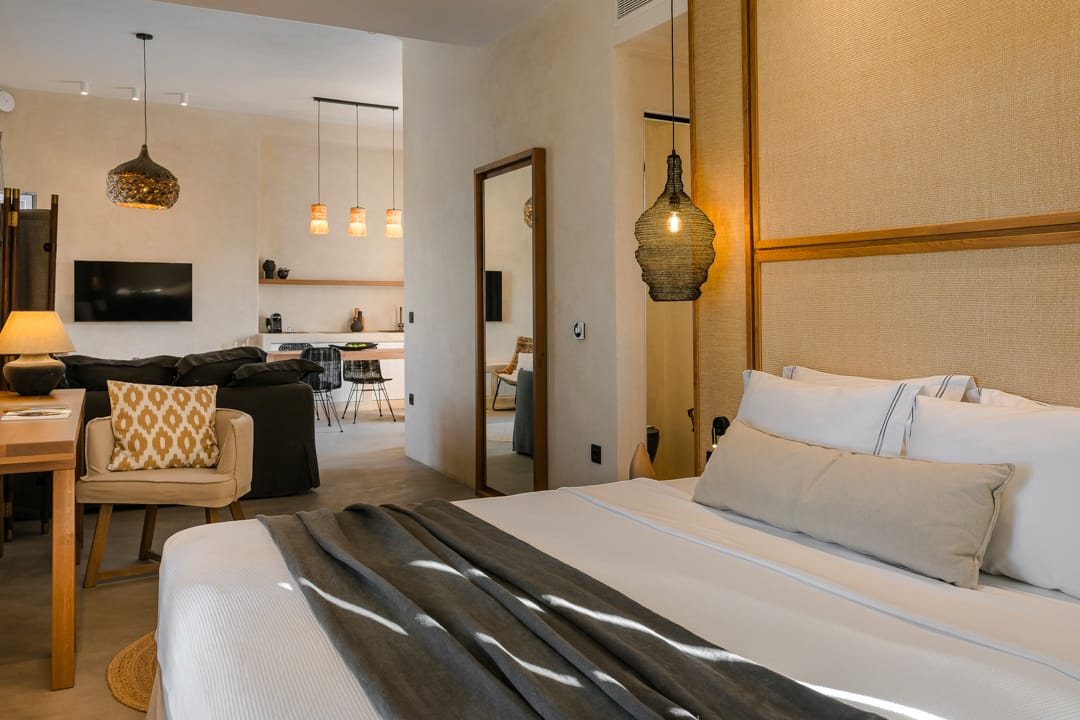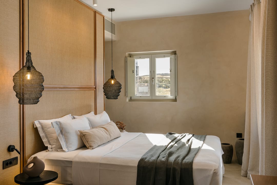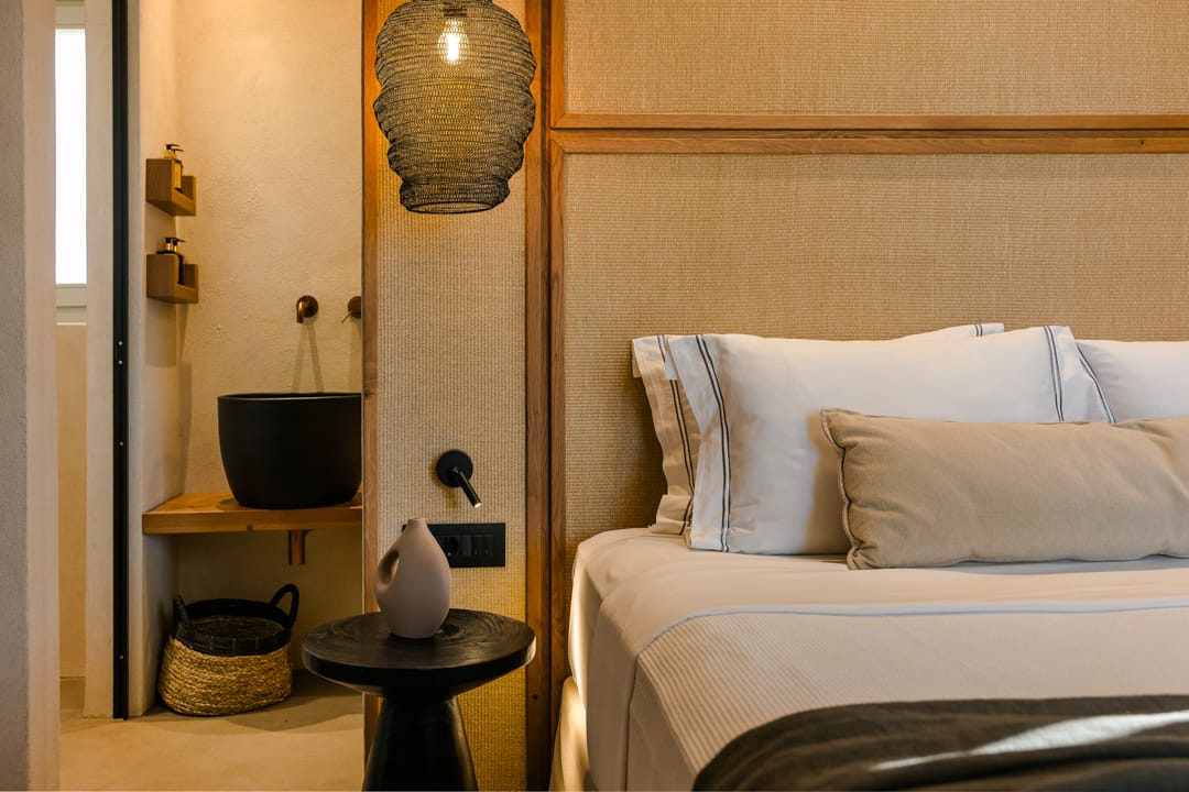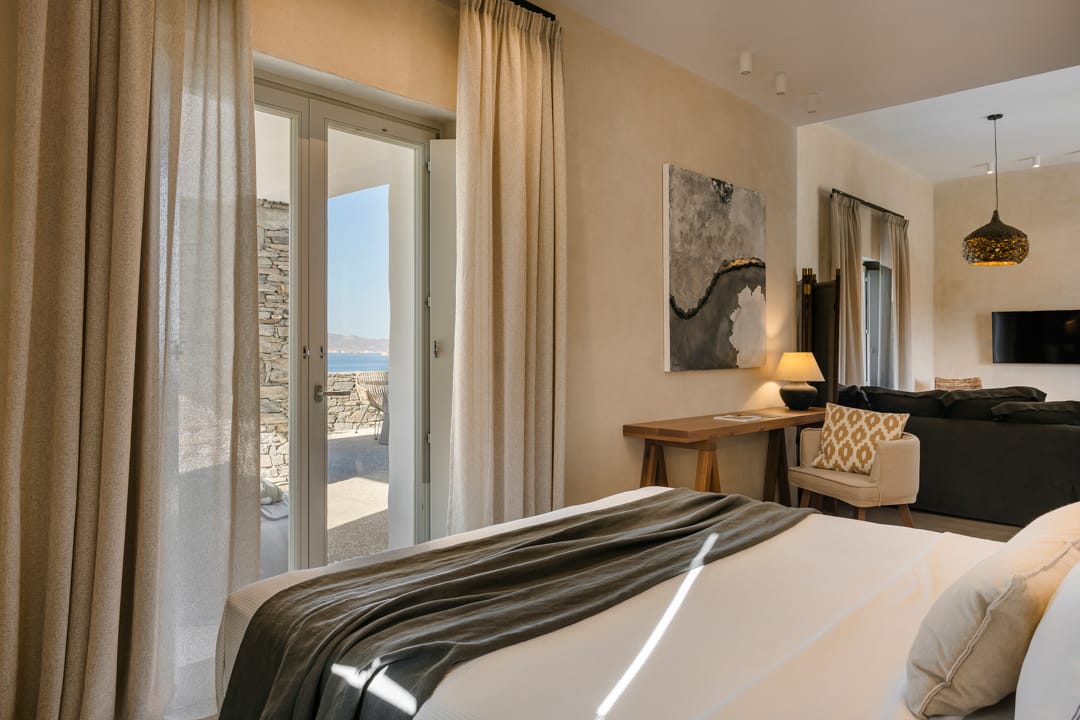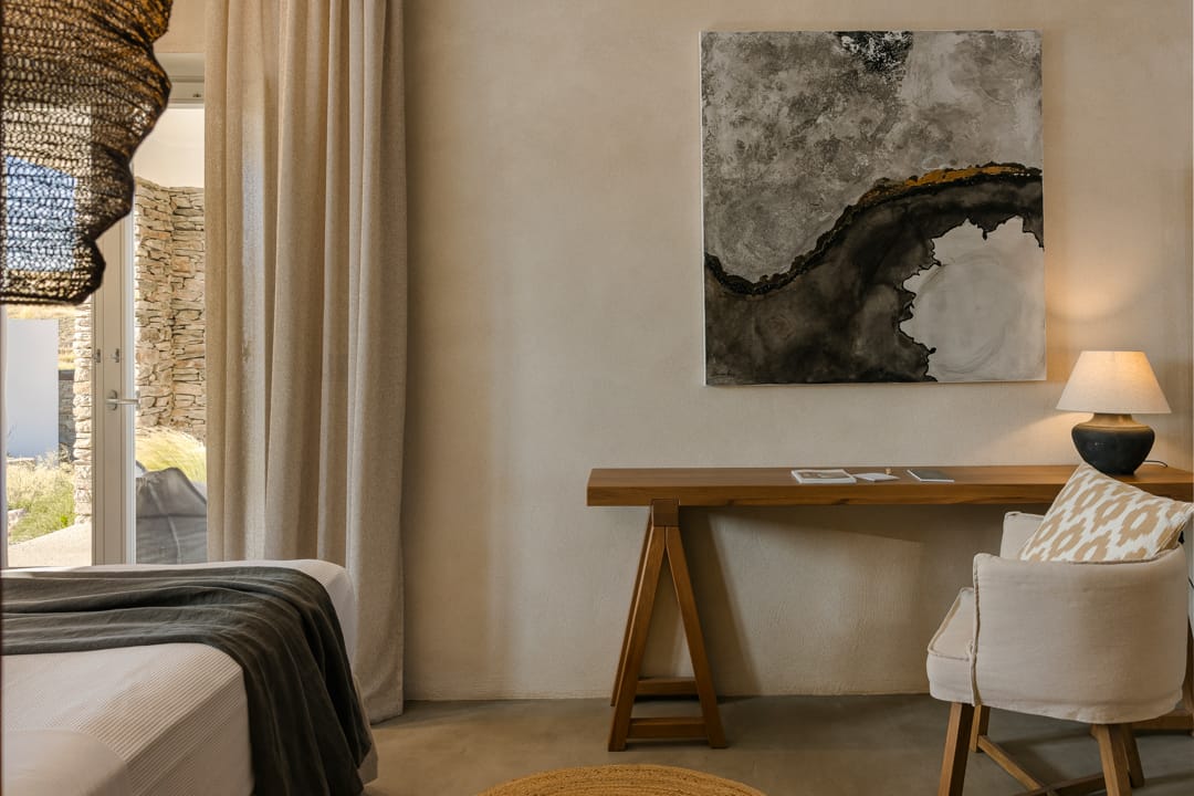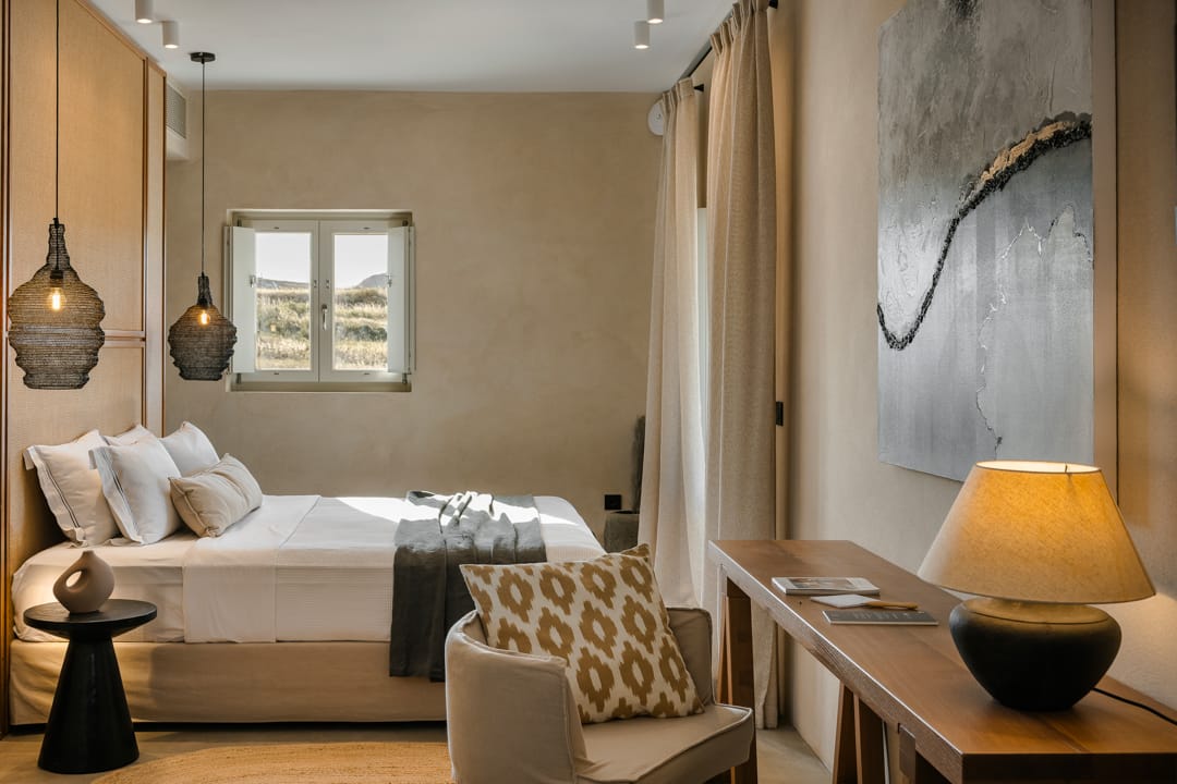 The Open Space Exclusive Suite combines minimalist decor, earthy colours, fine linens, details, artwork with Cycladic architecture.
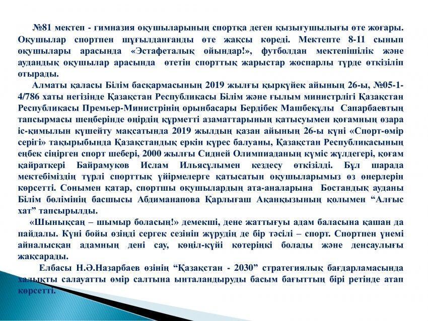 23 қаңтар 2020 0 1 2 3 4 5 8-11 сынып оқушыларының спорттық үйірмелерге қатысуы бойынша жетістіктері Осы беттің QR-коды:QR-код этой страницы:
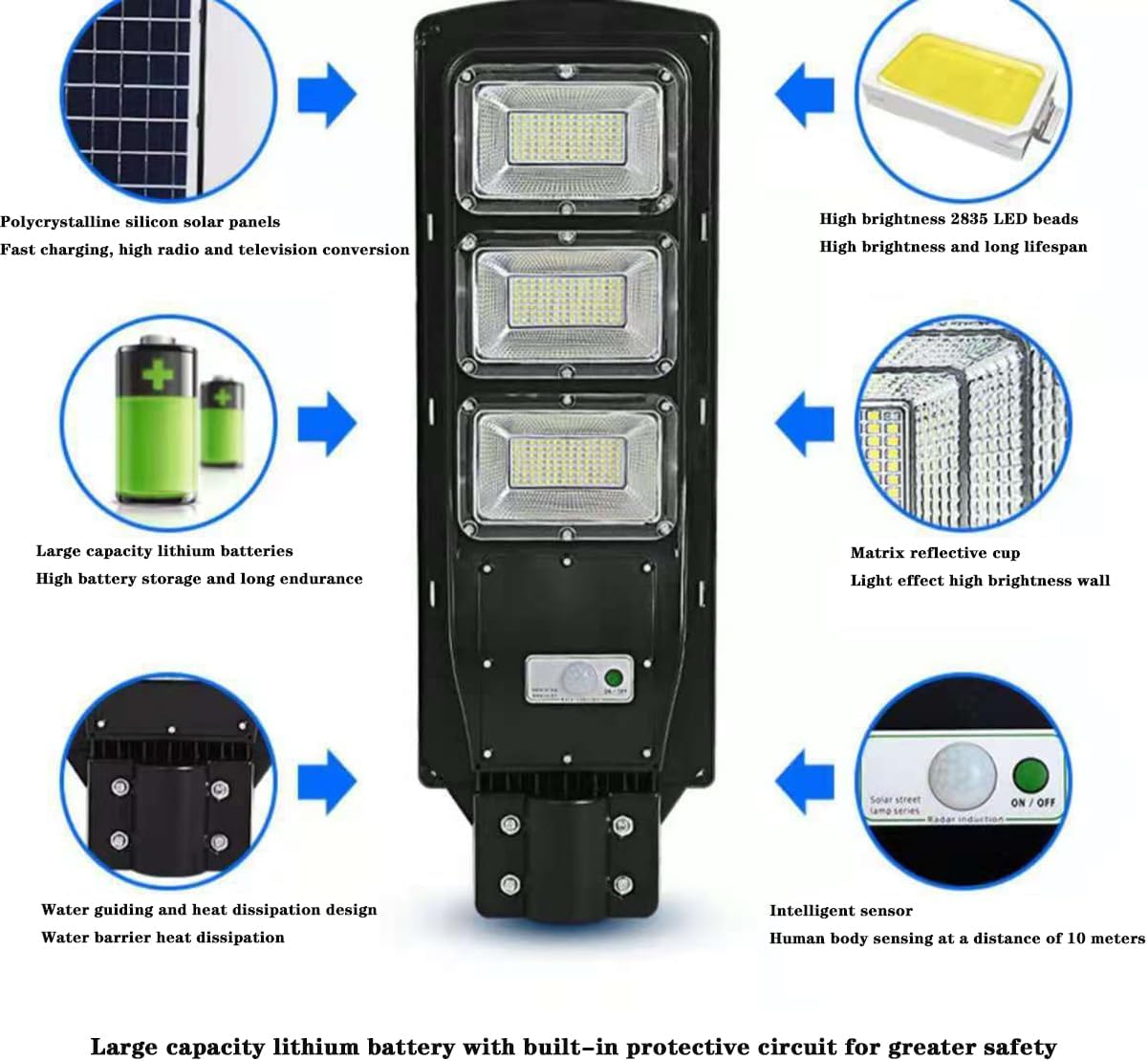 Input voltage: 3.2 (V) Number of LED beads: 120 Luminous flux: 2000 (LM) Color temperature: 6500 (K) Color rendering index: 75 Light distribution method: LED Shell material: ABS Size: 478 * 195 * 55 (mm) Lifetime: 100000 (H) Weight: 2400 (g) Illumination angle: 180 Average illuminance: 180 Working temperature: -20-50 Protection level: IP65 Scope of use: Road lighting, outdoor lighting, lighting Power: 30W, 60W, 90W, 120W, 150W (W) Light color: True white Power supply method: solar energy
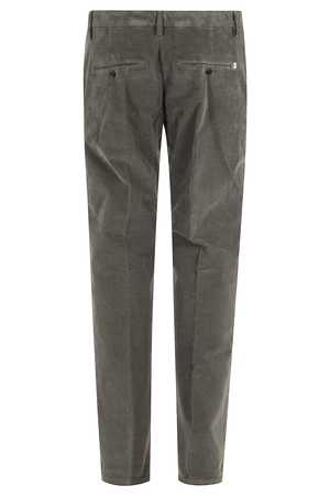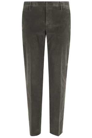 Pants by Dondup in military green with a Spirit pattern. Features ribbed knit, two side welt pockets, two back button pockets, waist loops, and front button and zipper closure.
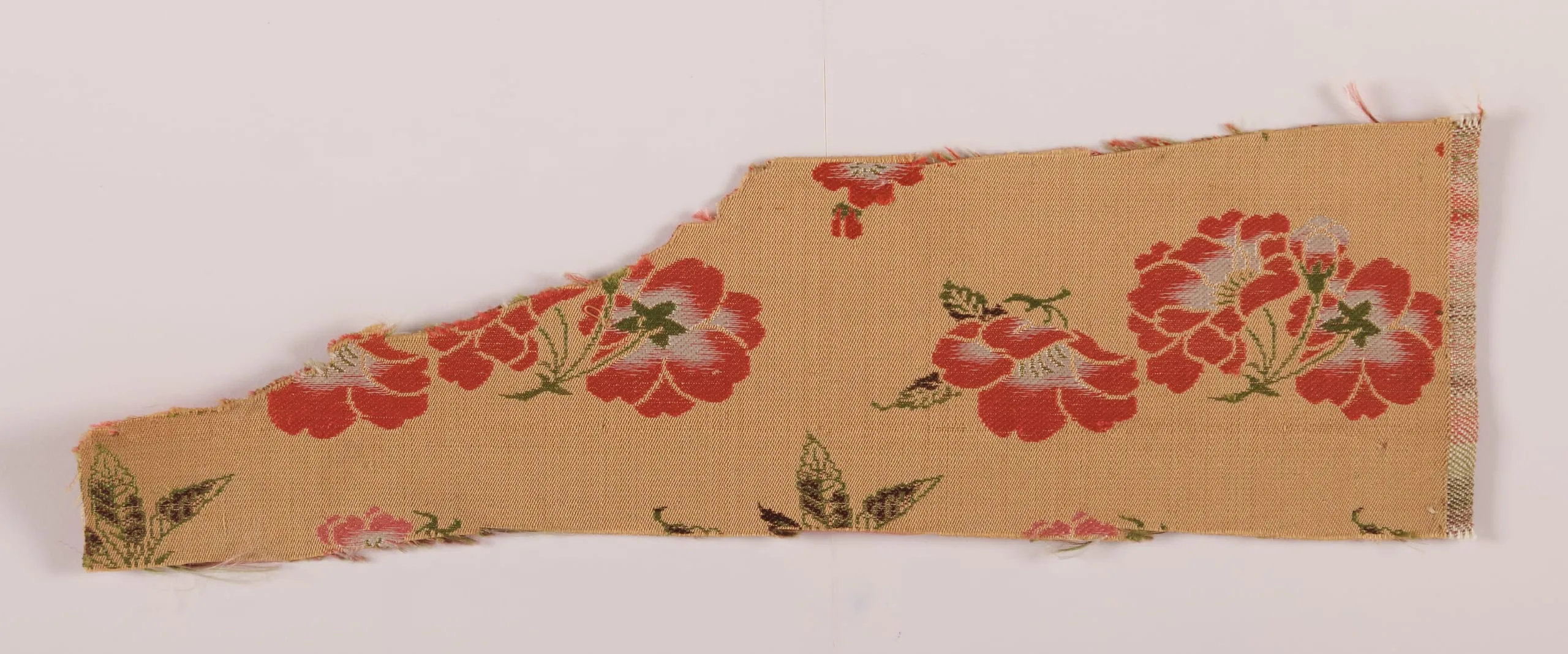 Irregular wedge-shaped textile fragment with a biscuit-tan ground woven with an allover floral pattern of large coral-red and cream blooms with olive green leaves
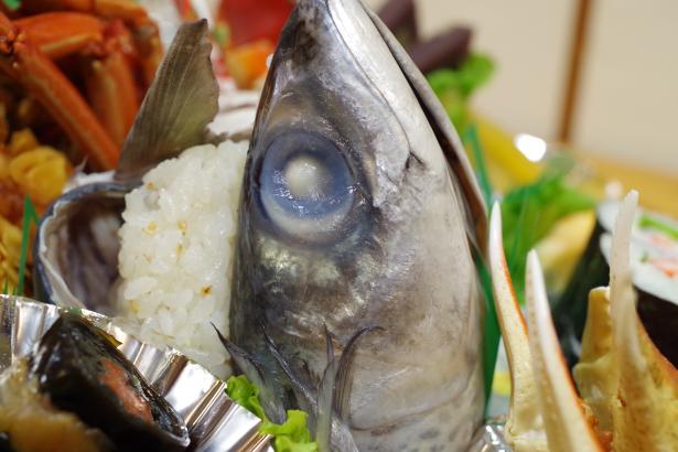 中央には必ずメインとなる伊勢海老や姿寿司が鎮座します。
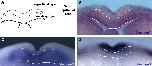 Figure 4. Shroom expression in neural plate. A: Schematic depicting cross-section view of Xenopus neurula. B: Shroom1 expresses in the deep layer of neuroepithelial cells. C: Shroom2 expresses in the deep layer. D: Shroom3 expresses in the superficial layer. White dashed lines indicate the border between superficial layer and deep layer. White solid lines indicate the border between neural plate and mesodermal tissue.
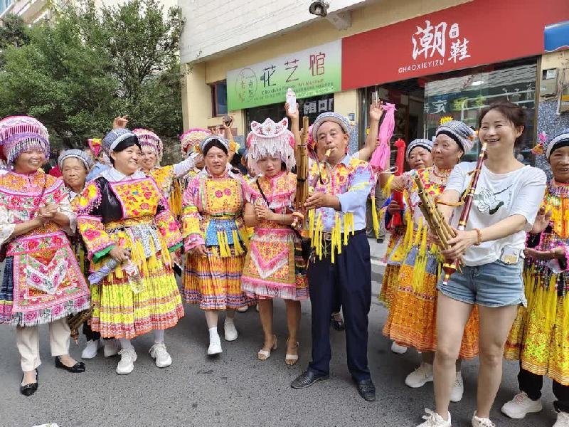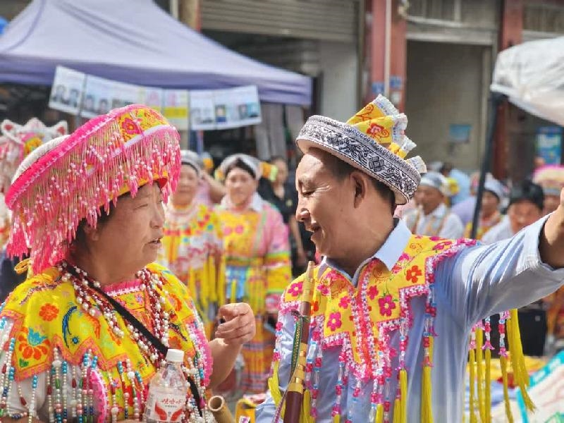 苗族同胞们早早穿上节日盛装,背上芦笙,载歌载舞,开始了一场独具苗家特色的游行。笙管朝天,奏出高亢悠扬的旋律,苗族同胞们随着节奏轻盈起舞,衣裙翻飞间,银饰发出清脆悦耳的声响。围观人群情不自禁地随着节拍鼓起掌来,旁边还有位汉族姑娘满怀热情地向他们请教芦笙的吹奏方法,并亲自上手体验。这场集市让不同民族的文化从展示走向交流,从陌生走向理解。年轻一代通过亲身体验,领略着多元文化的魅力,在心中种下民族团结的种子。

◆ Brief
The whole listing is to be written out exactly; the pictures stay out of the copy.

◆ Result for this exercise
 The Open Space Exclusive Suite combines minimalist decor, earthy colours, fine linens, details, artwork with Cycladic architecture.
 23 қаңтар 2020 0 1 2 3 4 5 8-11 сынып оқушыларының спорттық үйірмелерге қатысуы бойынша жетістіктері Осы беттің QR-коды:QR-код этой страницы:
 Input voltage: 3.2 (V) Number of LED beads: 120 Luminous flux: 2000 (LM) Color temperature: 6500 (K) Color rendering index: 75 Light distribution method: LED Shell material: ABS Size: 478 * 195 * 55 (mm) Lifetime: 100000 (H) Weight: 2400 (g) Illumination angle: 180 Average illuminance: 180 Working temperature: -20-50 Protection level: IP65 Scope of use: Road lighting, outdoor lighting, lighting Power: 30W, 60W, 90W, 120W, 150W (W) Light color: True white Power supply method: solar energy
 Pants by Dondup in military green with a Spirit pattern. Features ribbed knit, two side welt pockets, two back button pockets, waist loops, and front button and zipper closure.
 Irregular wedge-shaped textile fragment with a biscuit-tan ground woven with an allover floral pattern of large coral-red and cream blooms with olive green leaves
 中央には必ずメインとなる伊勢海老や姿寿司が鎮座します。
 Figure 4. Shroom expression in neural plate. A: Schematic depicting cross-section view of Xenopus neurula. B: Shroom1 expresses in the deep layer of neuroepithelial cells. C: Shroom2 expresses in the deep layer. D: Shroom3 expresses in the superficial layer. White dashed lines indicate the border between superficial layer and deep layer. White solid lines indicate the border between neural plate and mesodermal tissue.
 苗族同胞们早早穿上节日盛装,背上芦笙,载歌载舞,开始了一场独具苗家特色的游行。笙管朝天,奏出高亢悠扬的旋律,苗族同胞们随着节奏轻盈起舞,衣裙翻飞间,银饰发出清脆悦耳的声响。围观人群情不自禁地随着节拍鼓起掌来,旁边还有位汉族姑娘满怀热情地向他们请教芦笙的吹奏方法,并亲自上手体验。这场集市让不同民族的文化从展示走向交流,从陌生走向理解。年轻一代通过亲身体验,领略着多元文化的魅力,在心中种下民族团结的种子。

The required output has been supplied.